- [Task prompt]
From the first line of the material through the line that holds "今年5月,在羊城晚報報業(y", repeat each line exactly and skip any picture.
Top of The data
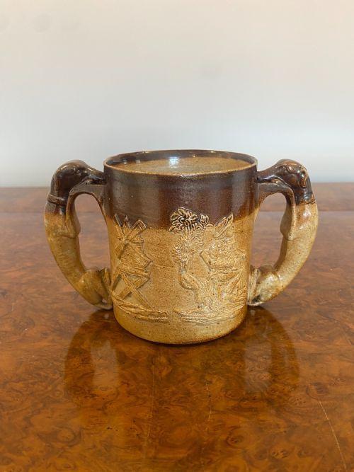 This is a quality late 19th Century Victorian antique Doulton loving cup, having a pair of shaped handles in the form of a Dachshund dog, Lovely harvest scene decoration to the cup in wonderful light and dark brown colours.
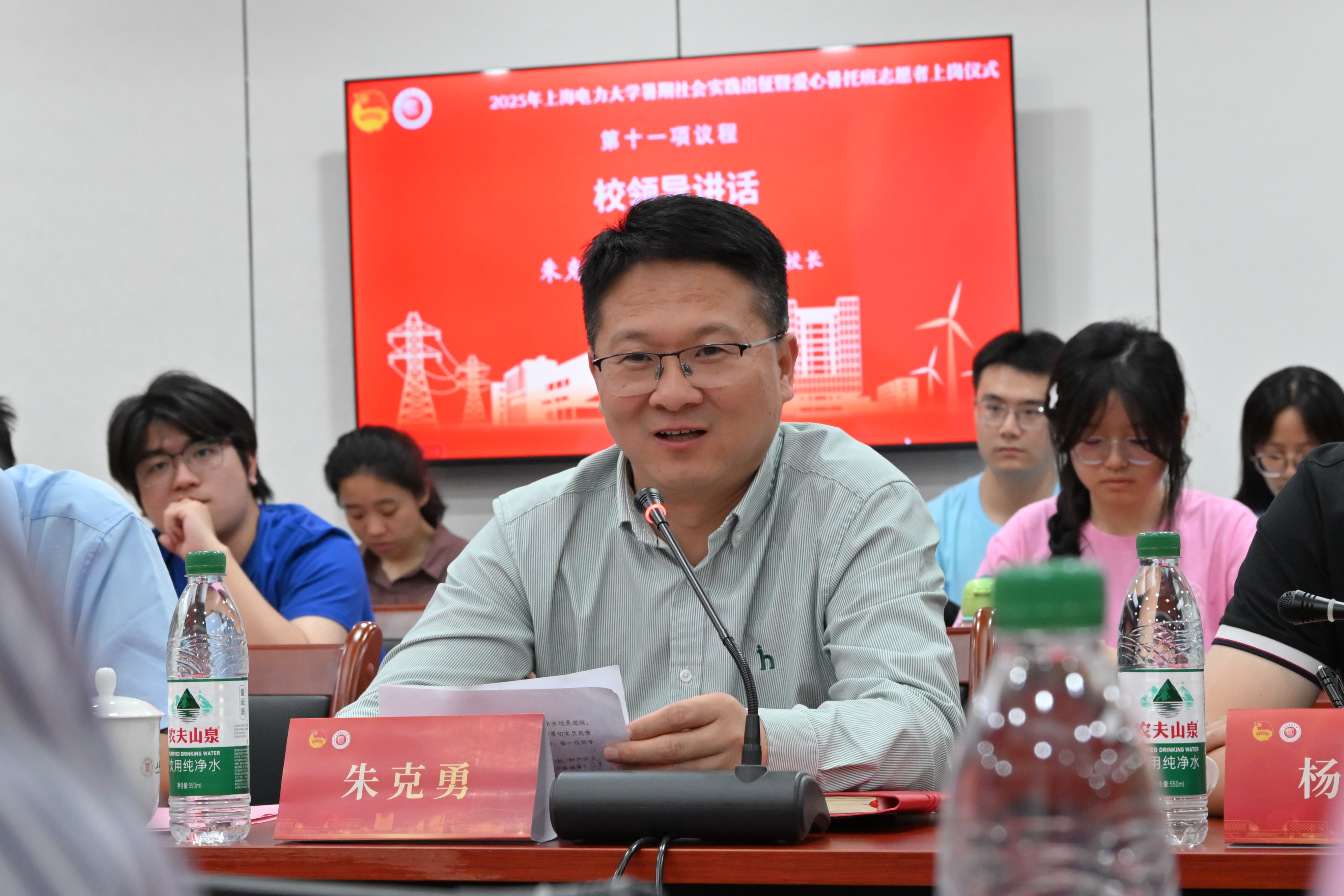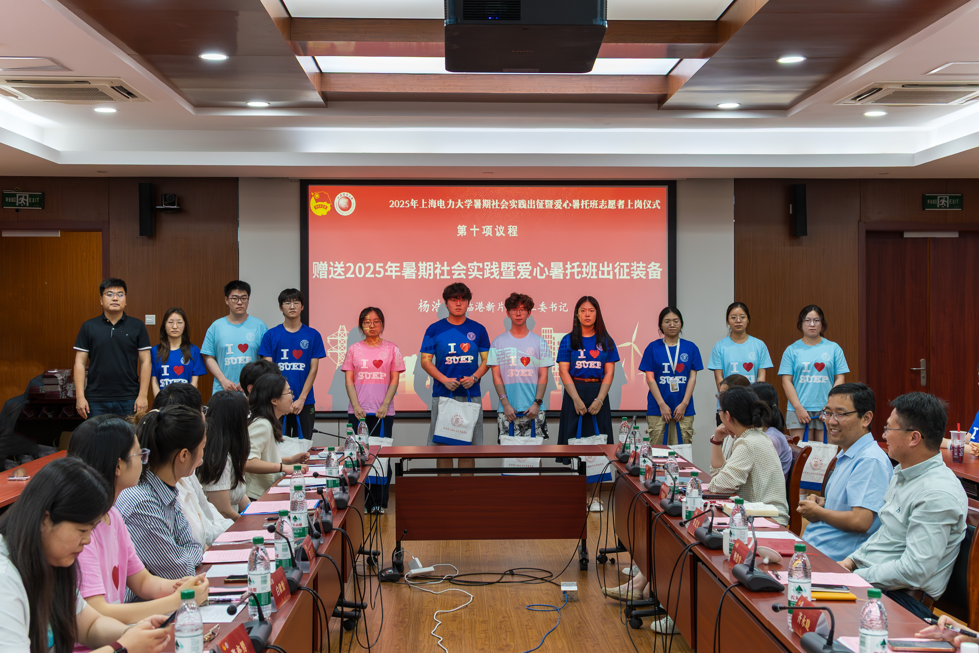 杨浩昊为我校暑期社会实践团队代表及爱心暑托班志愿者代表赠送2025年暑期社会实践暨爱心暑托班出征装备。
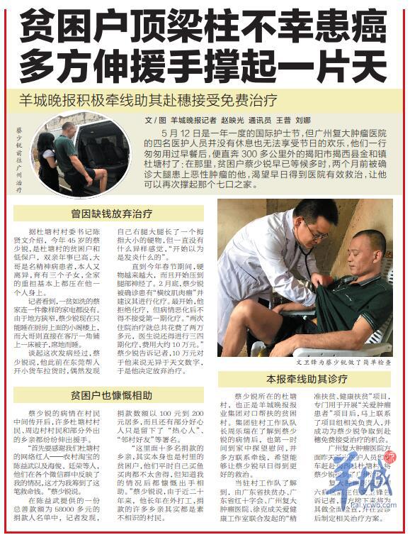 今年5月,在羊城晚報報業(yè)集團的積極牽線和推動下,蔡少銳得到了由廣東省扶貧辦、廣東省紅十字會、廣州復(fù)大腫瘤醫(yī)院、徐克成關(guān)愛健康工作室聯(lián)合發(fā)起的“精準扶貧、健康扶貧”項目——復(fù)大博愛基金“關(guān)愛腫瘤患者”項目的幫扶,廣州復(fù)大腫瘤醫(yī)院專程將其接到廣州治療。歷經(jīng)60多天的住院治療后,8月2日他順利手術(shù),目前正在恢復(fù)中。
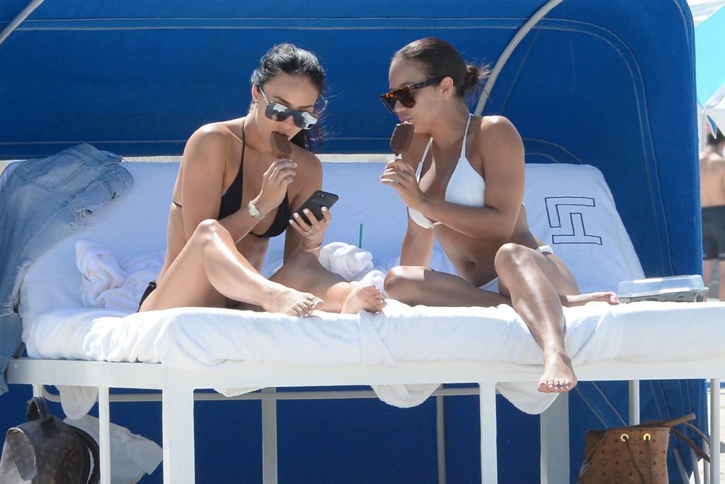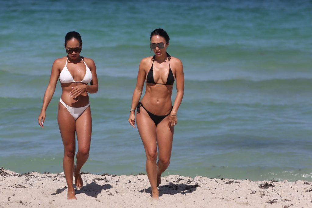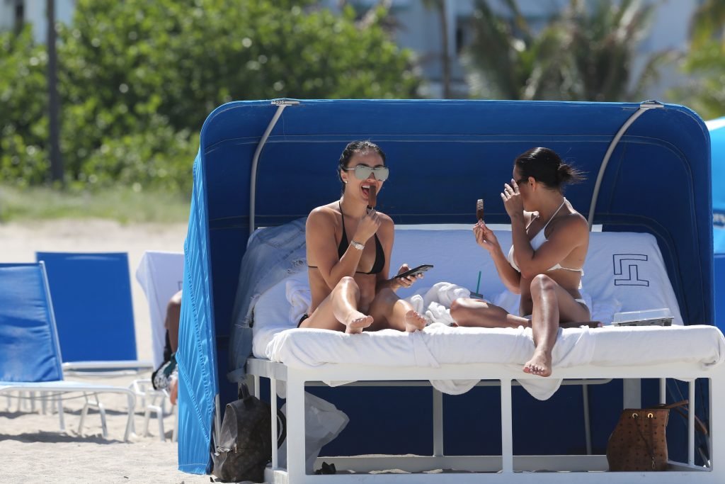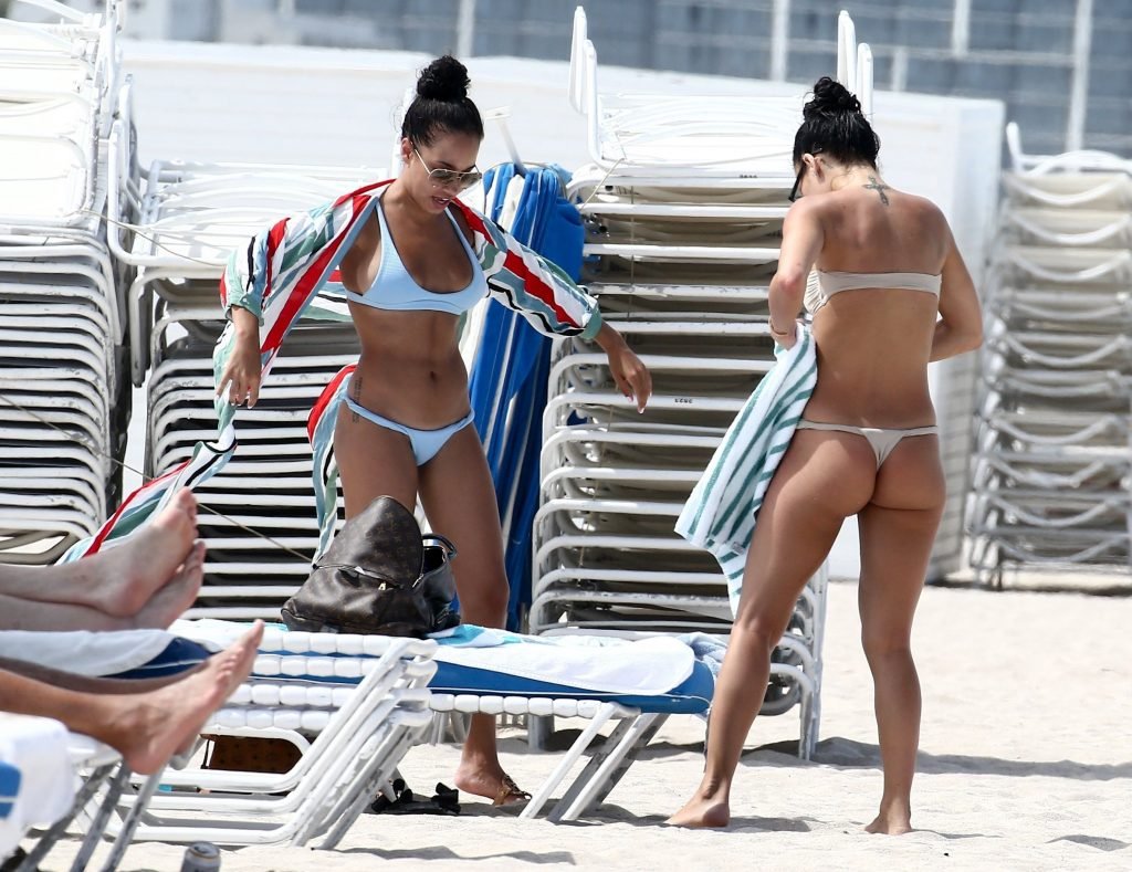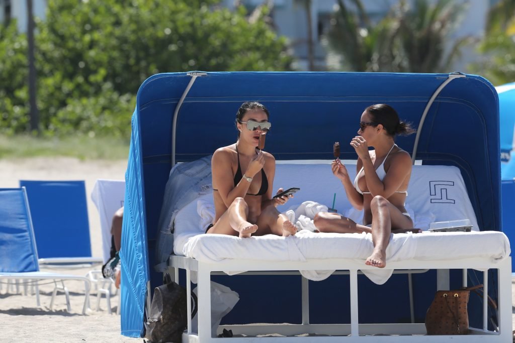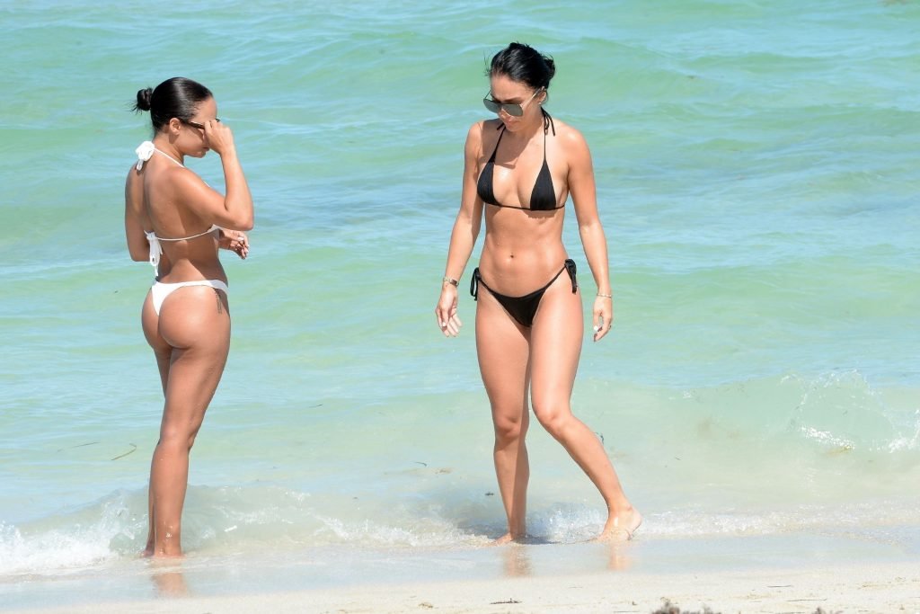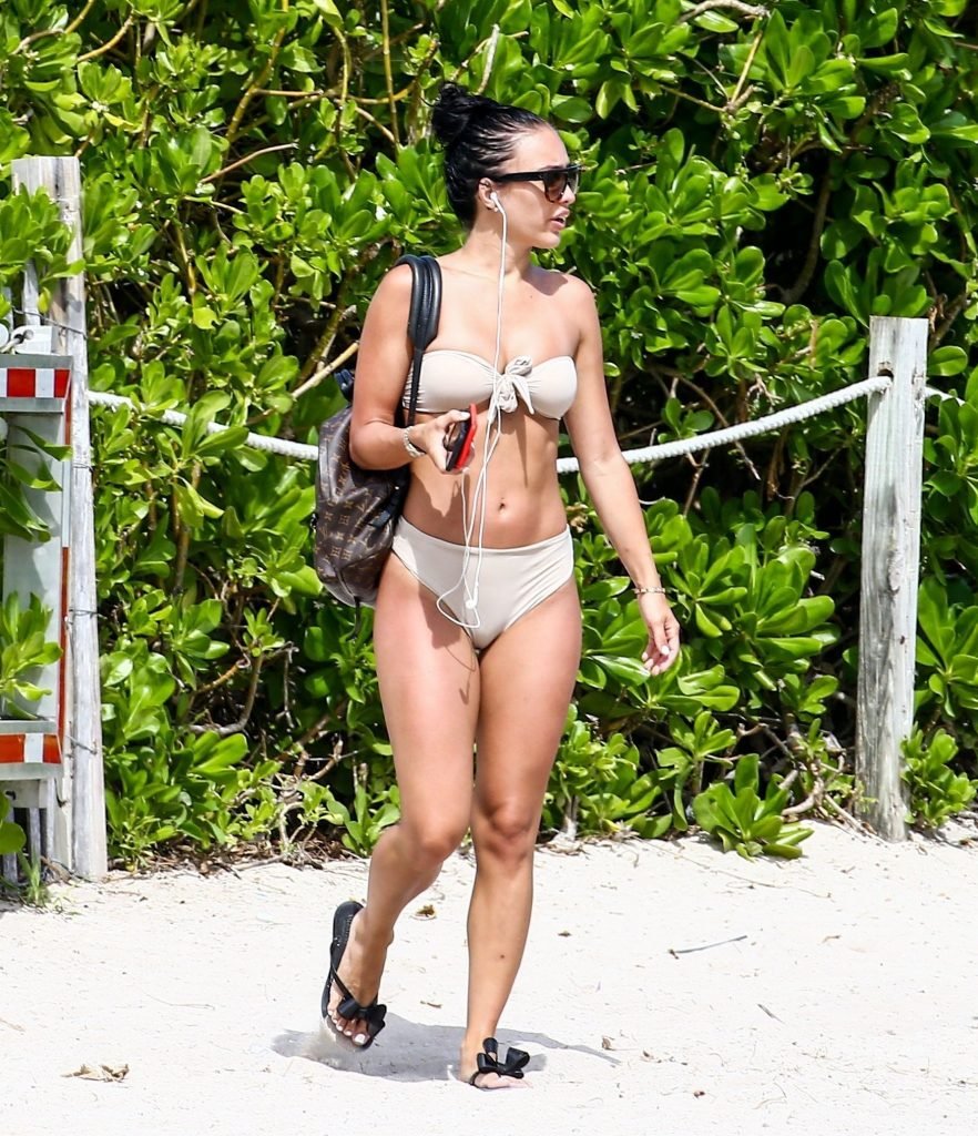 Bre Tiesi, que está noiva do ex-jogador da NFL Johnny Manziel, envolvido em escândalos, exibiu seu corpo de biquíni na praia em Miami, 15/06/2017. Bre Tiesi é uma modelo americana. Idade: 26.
Bottom of The data
- [Solution]
 This is a quality late 19th Century Victorian antique Doulton loving cup, having a pair of shaped handles in the form of a Dachshund dog, Lovely harvest scene decoration to the cup in wonderful light and dark brown colours.
 杨浩昊为我校暑期社会实践团队代表及爱心暑托班志愿者代表赠送2025年暑期社会实践暨爱心暑托班出征装备。
 今年5月,在羊城晚報報業(yè)集團的積極牽線和推動下,蔡少銳得到了由廣東省扶貧辦、廣東省紅十字會、廣州復(fù)大腫瘤醫(yī)院、徐克成關(guān)愛健康工作室聯(lián)合發(fā)起的“精準扶貧、健康扶貧”項目——復(fù)大博愛基金“關(guān)愛腫瘤患者”項目的幫扶,廣州復(fù)大腫瘤醫(yī)院專程將其接到廣州治療。歷經(jīng)60多天的住院治療后,8月2日他順利手術(shù),目前正在恢復(fù)中。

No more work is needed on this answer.